= IEEE Heinrich Hertz Medal =

The IEEE Heinrich Hertz Medal was a science award presented by the IEEE for outstanding achievements in the field of electromagnetic waves. The medal was named in honour of German physicist Heinrich Hertz, and was first proposed in 1986 by IEEE Region 8 (Germany) as a centennial recognition of Hertz's work on electromagnetic radiation theory from 1886 to 1891. The medal was first awarded in 1988, and was presented annually until 2001. It was officially discontinued in November 2009.

== Recipients ==
- 1988: Hans-Georg Unger (Technical University at Brunswick, Germany) for outstanding merits in radio-frequency science, particularly the theory of dielectric wave guides and their application in modern wide-band communication.

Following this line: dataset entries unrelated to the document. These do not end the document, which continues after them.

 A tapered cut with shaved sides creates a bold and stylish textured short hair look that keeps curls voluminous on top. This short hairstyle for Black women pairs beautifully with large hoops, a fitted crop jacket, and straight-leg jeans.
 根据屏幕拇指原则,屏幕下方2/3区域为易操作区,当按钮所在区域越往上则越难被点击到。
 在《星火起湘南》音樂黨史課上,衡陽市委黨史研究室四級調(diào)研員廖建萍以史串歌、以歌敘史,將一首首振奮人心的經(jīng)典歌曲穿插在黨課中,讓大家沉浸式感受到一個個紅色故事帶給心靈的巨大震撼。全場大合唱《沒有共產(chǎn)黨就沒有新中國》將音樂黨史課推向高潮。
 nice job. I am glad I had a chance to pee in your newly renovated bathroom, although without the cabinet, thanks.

- 1989: Nathan Marcuvitz (Polytechnic University of New York, United States) for fundamental theoretical and experimental contributions to the engineering formulation of electromagnetic field theory.
- 1990: John D. Kraus (Ohio State University, United States) for pioneering work in radio astronomy and the development of the helical antenna and the corner reflector antenna.

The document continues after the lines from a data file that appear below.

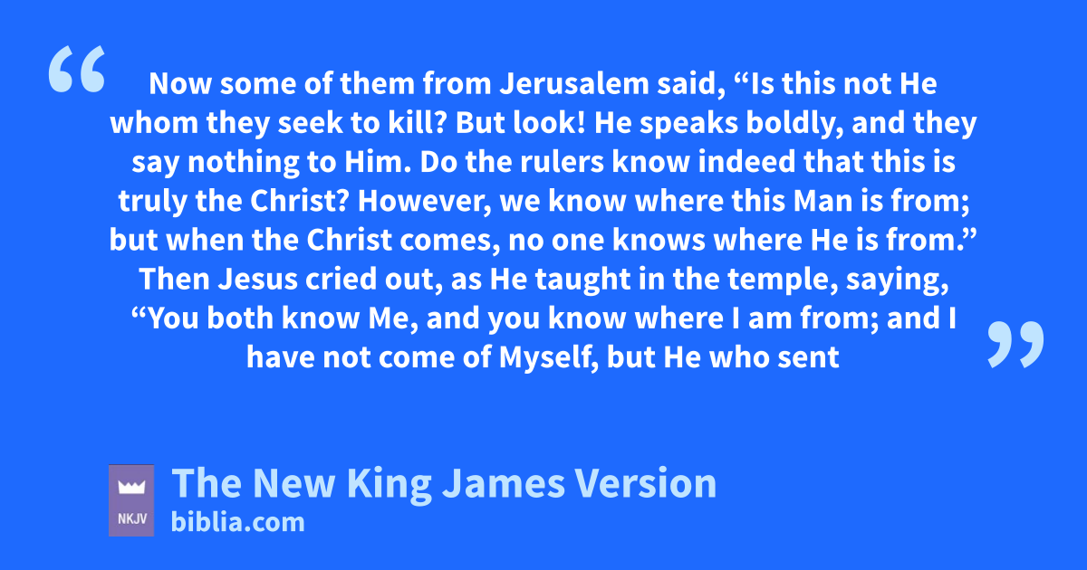 25 Now some of them from Jerusalem said, “Is this not He whom they seek to bkill? 26 But look! He speaks boldly, and they say nothing to Him. cDo the rulers know indeed that this is 4truly the Christ? 27 dHowever, we know where this Man is from; but when the Christ comes, no one knows where He is from.”
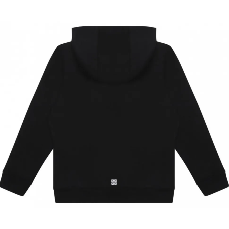 Givenchy Black Lettering Logo Hoodie. Black hoodie made of cotton with fixed hoodie with drawstring, long sleeves and lettering logo print on the front. Pouch pocket on the front and ribbed trim. Regular fit.
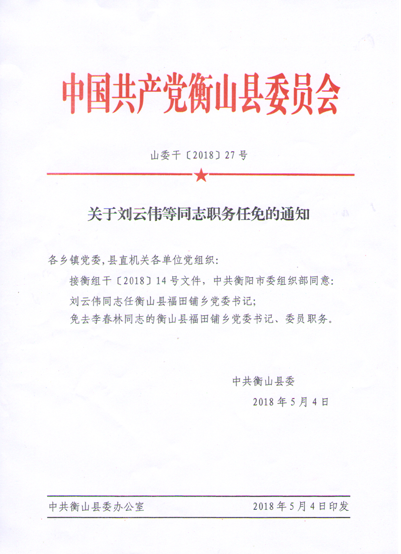 山委幹〔2018〕27號關於劉雲偉等同誌職務任免的通知
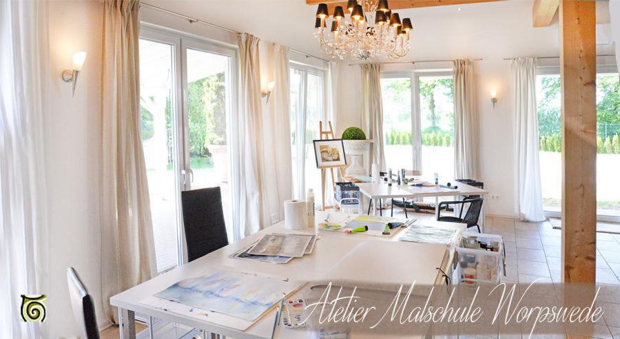 Die MALSCHULE WORPSWEDE lädt Sie genau dazu herzlich ein. Unsere Mal- und Kreativ-Kurse finden an einem wahrlich inspirierendem Ort statt. In einem neuen Haus in Worpswede Neu St. Jürgen haben wir für Sie das Atelier der Malschule Worpswede eingerichtet. Der weite, helle Raum mit Balkendecke und Kronleuchtern ist modern und erinnert doch an die alte Zeit der ersten Maler. Es ist zwar kein direkter Vergleich, aber Heinrich Vogeler ging als einer der ersten in Worpswede ebenso ungewöhnliche Wege mit dem Bau seiner kreativen Welt, dem Barkenhoff. Das Atelierhaus Worpswede liegt am Rande des Gewerbegebietes Neu St. Jürgen mit unmittelbarem Blick in die lange Teufelsmoorstraße, einer Allee, die durch das alte Dorf Teufelsmoor führt. Mit etwas Glück zieht von Westen oft der berühmte Himmel über Worpswede auf, den die ersten Maler so liebten.
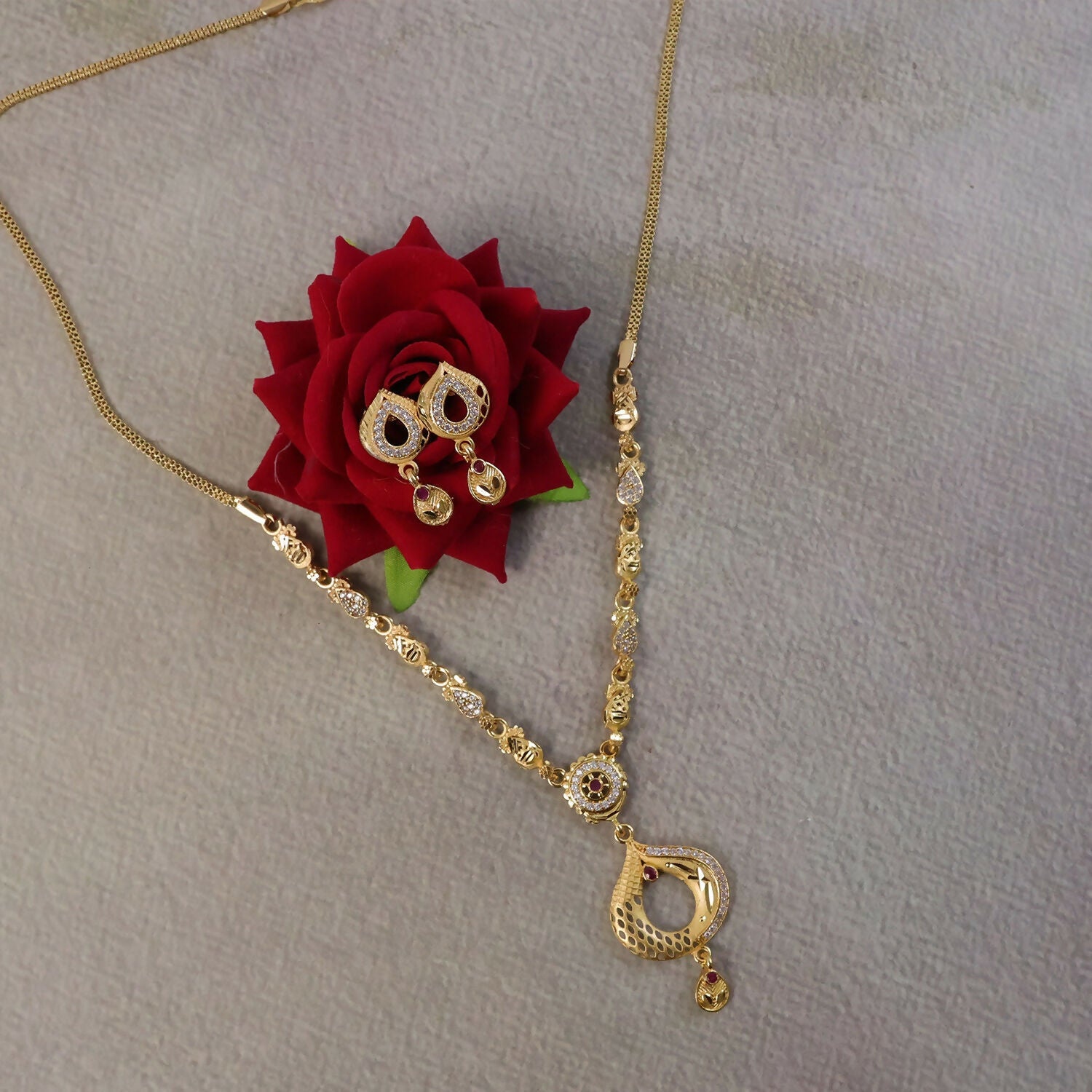 Elegant Gold-Tone Teardrop Pendant Necklace Set with Minimal Chain Design & Matching Earrings
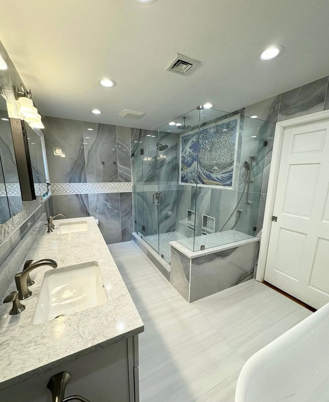 This one is all about that bold marble moment. The veining is strong, unapologetic, and honestly… kind of mesmerizing. It flows seamlessly from wall to wall, creating a cocoon-like effect that feels both dramatic and calming at the same time.
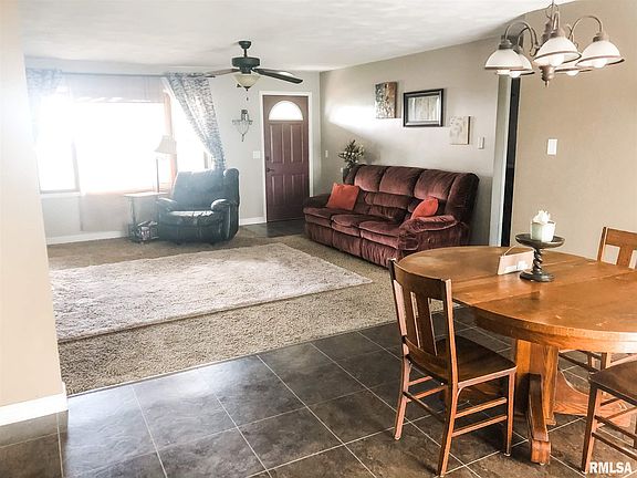 This adorable country home in Sandoval School District has many updates and so much to love! Large, open living area flows from front/family room to large dining area and bright kitchen looking out to the spacious, fenced back yard. Nice powder room for guests and a full bathroom with tub/shower combo with custom tile surround. The finished basement is wonderful bonus space, with a wet bar, tv area and rec room. Laundry is also in the basement with large closets for storage. Single car attached garage (18'x22') and double car detached garage (24'x30'). New water heater in 2020, and new sump pump in 2019, new roof and fencing in 2011.
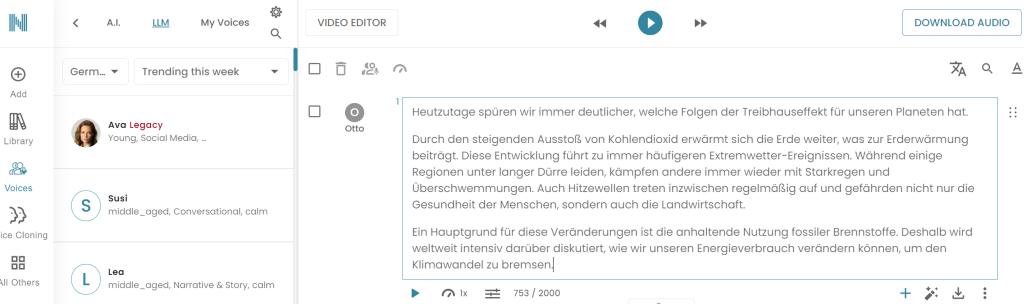 图注:界面中可选择 “ German德语” 语言、Otto(男性)等标准德语音色,设置朗读速度;当前输入文本为ChatGPT根据Motiv导入页提供的单元核心词汇生成的短文,支持单次输入2000字,可批量生成课文朗读音频。

- 1991: Leopold B. Felsen (Polytechnic University of New York, United States) for highly original and significant developments in the theories of propagation, diffraction and dispersion of electromagnetic waves.
- 1992: James R. Wait (University of Arizona, United States) for fundamental contributions to electromagnetic theory, to the study of propagation of Hertzian waves through the atmosphere, ionosphere and the Earth, and to their applications in communications, navigation and geophysical exploration.
- 1993: Kenneth Budden (Cavendish Laboratory, University of Cambridge, United Kingdom) for major original contributions to the theory of electromagnetic waves in ionized media with applications to terrestrial and space communications.
- 1994: Ronald N. Bracewell (Stanford University, United States) for pioneering work in antenna aperture synthesis and image reconstruction as applied to radioastronomy and to computer-assisted tomography.
- 1995: Jean van Bladel (Ghent University, Belgium) for major contributions in fundamental electromagnetic theory and its application to electrical engineering.
- 1996: Martin A. Uman (University of Florida, United States) for outstanding contributions to the understanding of lightning electromagnetics and its application to lightning detection and protection.
- 1997: Owen Storey (Stanford University, United States) for discovering the field-aligned paths of Hertzian-wave whistlers generated by lightning, thus discovering the Earth's magnetosphere.
- 1998: Chen To Tai (University of Michigan, United States) for outstanding contributions to electromagnetic and antenna theory and the development and application of Green's dyadics.
- 1999: Akira Ishimaru (University of Washington, United States) or fundamental contributions to the theories and applications of wave propagation and scattering in random media and backscattering enhancement.
- 2000: Arthur A. Oliner (Polytechnic University of New York, United States) for contributions to the theory of guided waves and antennas.
- 2001: Adrianus de Hoop (Delft University of Technology, Netherlands) for fundamental contributions to the theory of reciprocity and to the understanding of electromagnetic wave propagation layered in media.